**Records for processing:**

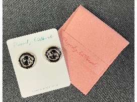 The jeweler takes luxury brand buttons and zipper pulls to repurpose the items into beautiful, classic, and unique jewelry pieces at accessible prices. Each up-cycled piece is handmade. These Gigi earrings are Gucci authentic buttons 22 mm wide and perfect for a fun pair of casual earrings.
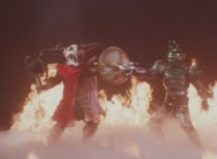 Amid flames, Blue raises a fist, pan over to Red as she does as well, then both reach for their Sonic Lasers. |
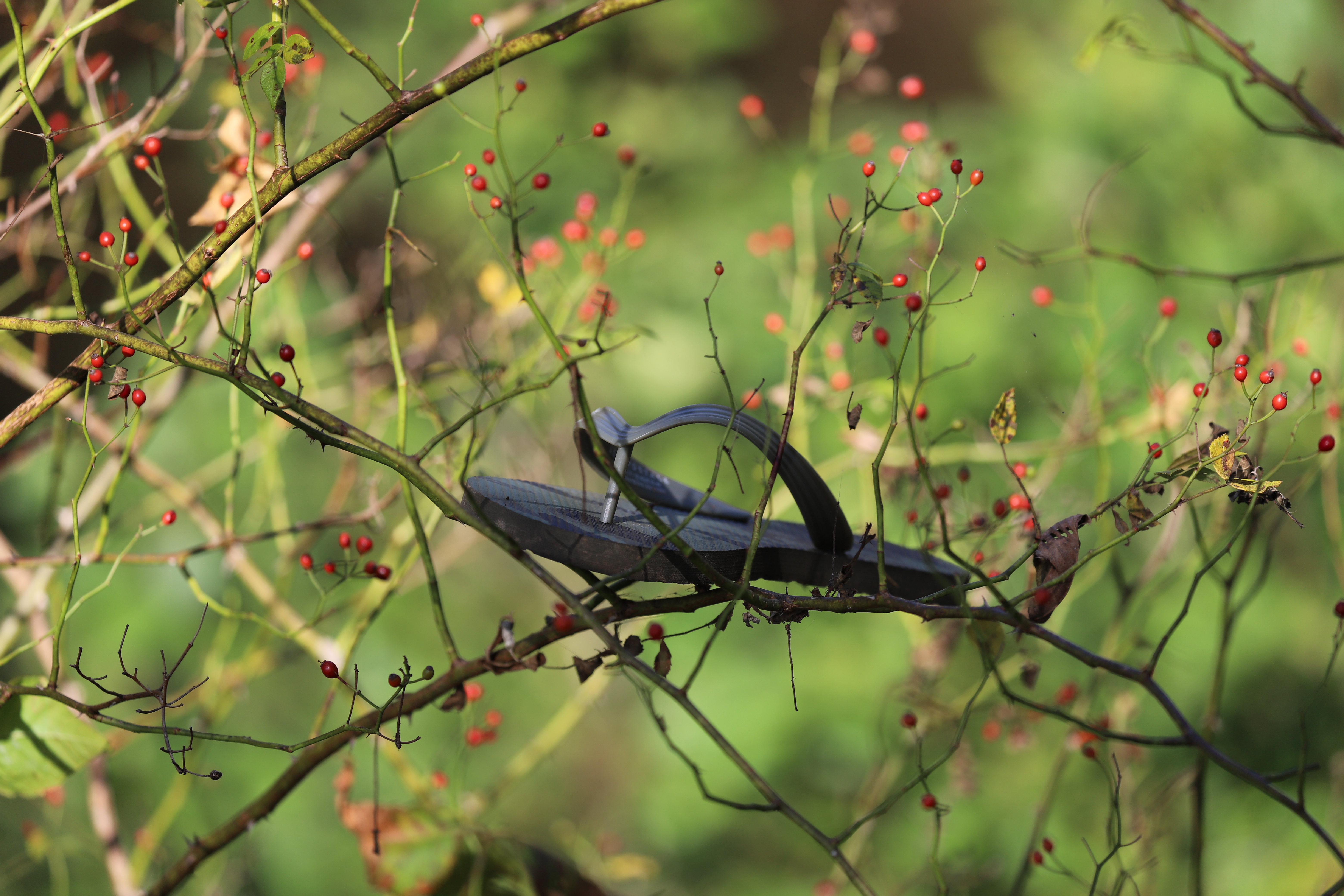 At first I overlapped the leaves as they appear here, but that didn't work well at all. They looked OK visually - I got the translucency/transparency I wanted for the single layer part, but where the leaves overlapped, they just became extremely dense and opaque. So I shot them individually and combined/overlapped them in Photoshop, each on its own layer, with the layer blending type set to "multiply." That gave me exactly what I had pre-visualized.
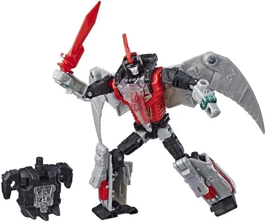 Exclusive! Transformers Generations Selects bring back favorite characters from across the globe as exciting entrants into the Cybertronian Wars. Big robots join the Siege with this Transformers Generations Selects Deluxe Red Swoop - Exclusive! Figure is compatible with Combiner Wars and Power of the Primes Deluxe and Voyager toys (sold separately) to serve as a limb in a custom giant robot like Volcanicus. Autobot prehistoric creature transforms from pteranodon to a robot with a fist and a sword. Red and clear pteranodon inspired by the original toy deco of the original 1985 Swoop release in the USA.
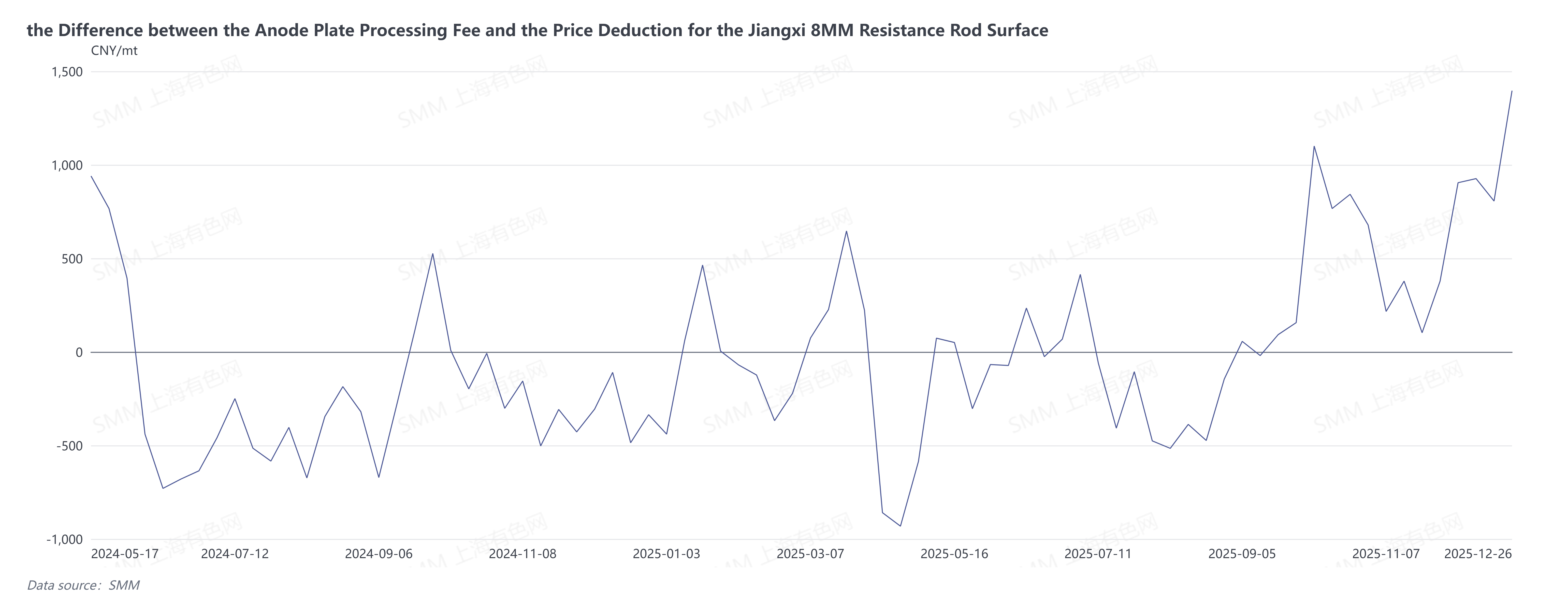 Since Q4, blister copper RCs have continued to rise, with supply-side expansion as the core driving factor. Copper prices surged significantly in December, boosting the price difference between primary metal and scrap to widen notably; meanwhile, secondary copper rod faced severe discounts, with the price spread between Jiangxi's 8mm secondary copper rod and copper anode processing fees exceeding 1,000 yuan/mt. This boosted the supply of raw materials such as secondary copper, scrap-derived blister copper, and copper anodes. On the demand side, smelters scaled back procurement volumes during the year-end period due to inventory control and capital flow needs, leading to a looser secondary raw materials market and supporting higher RCs.
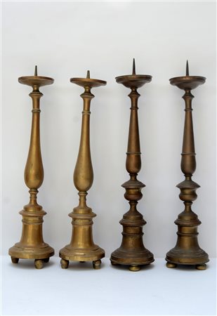 Due coppie di candelieri in ottone con fusto tornito, misure diverse (difetti)
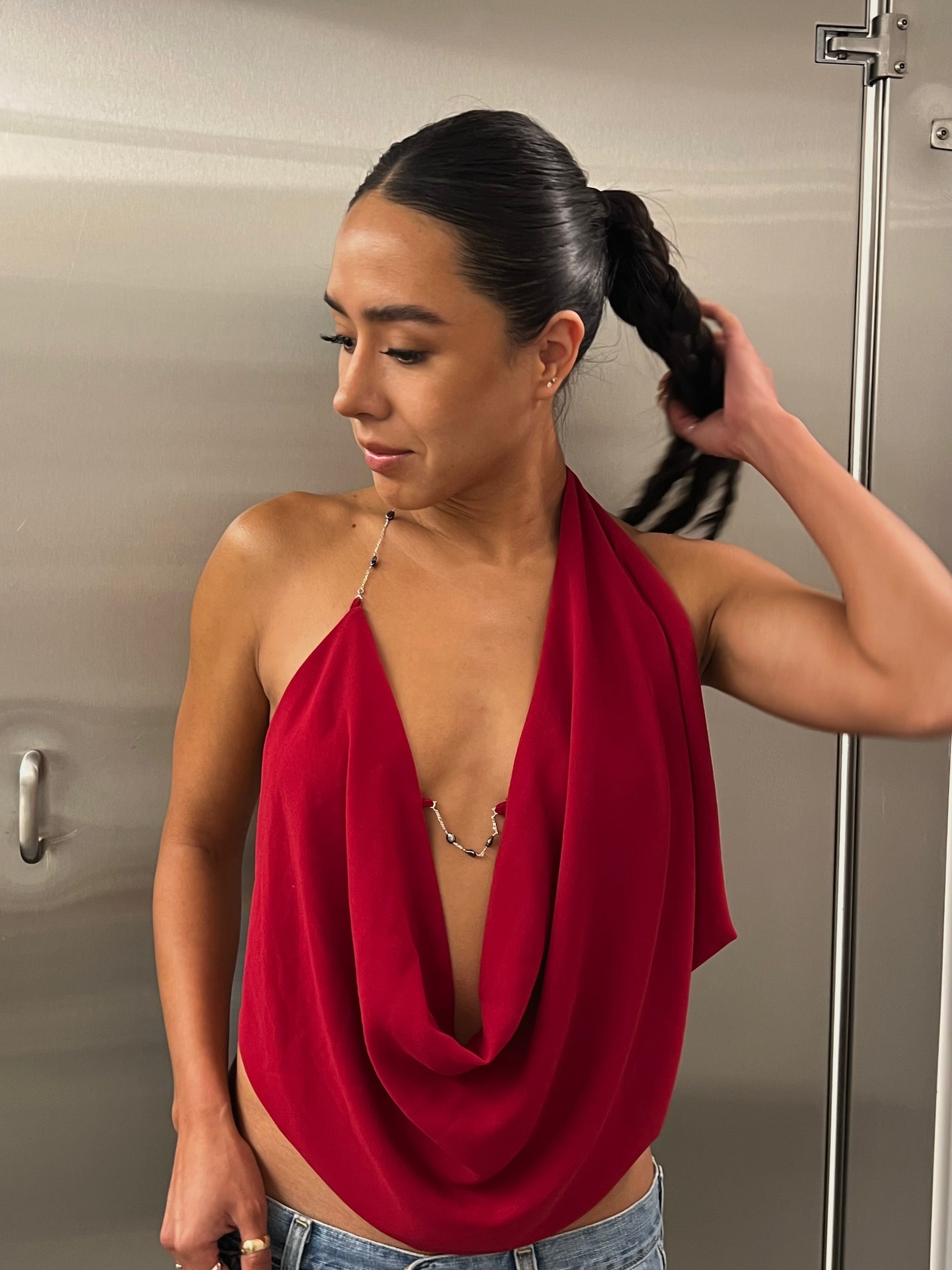 The Top Beli is a true statement piece, embodying femininity and sensuality. Made from delicate smoky red chiffon, it drapes beautifully over the body, creating a soft, effortless silhouette.
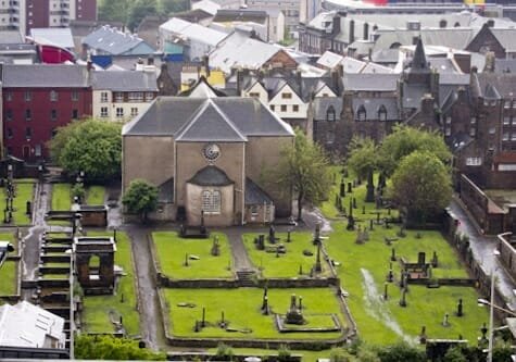 A cemetery and church as seen from Calton Hill — churches and cemeteries are not only prominent and beautiful in Scotland but also full of history. A famous church and burial ground in Edinburgh is Greyfriars Kirk where the renowned Greyfriars Bobby is buried.

**Task requirements:** This task calls for restating, word for word, each line from the line holding "Due coppie di" through the end of the material, pictures left out.

**Solution for this problem:**
 Due coppie di candelieri in ottone con fusto tornito, misure diverse (difetti)
 The Top Beli is a true statement piece, embodying femininity and sensuality. Made from delicate smoky red chiffon, it drapes beautifully over the body, creating a soft, effortless silhouette.
 A cemetery and church as seen from Calton Hill — churches and cemeteries are not only prominent and beautiful in Scotland but also full of history. A famous church and burial ground in Edinburgh is Greyfriars Kirk where the renowned Greyfriars Bobby is buried.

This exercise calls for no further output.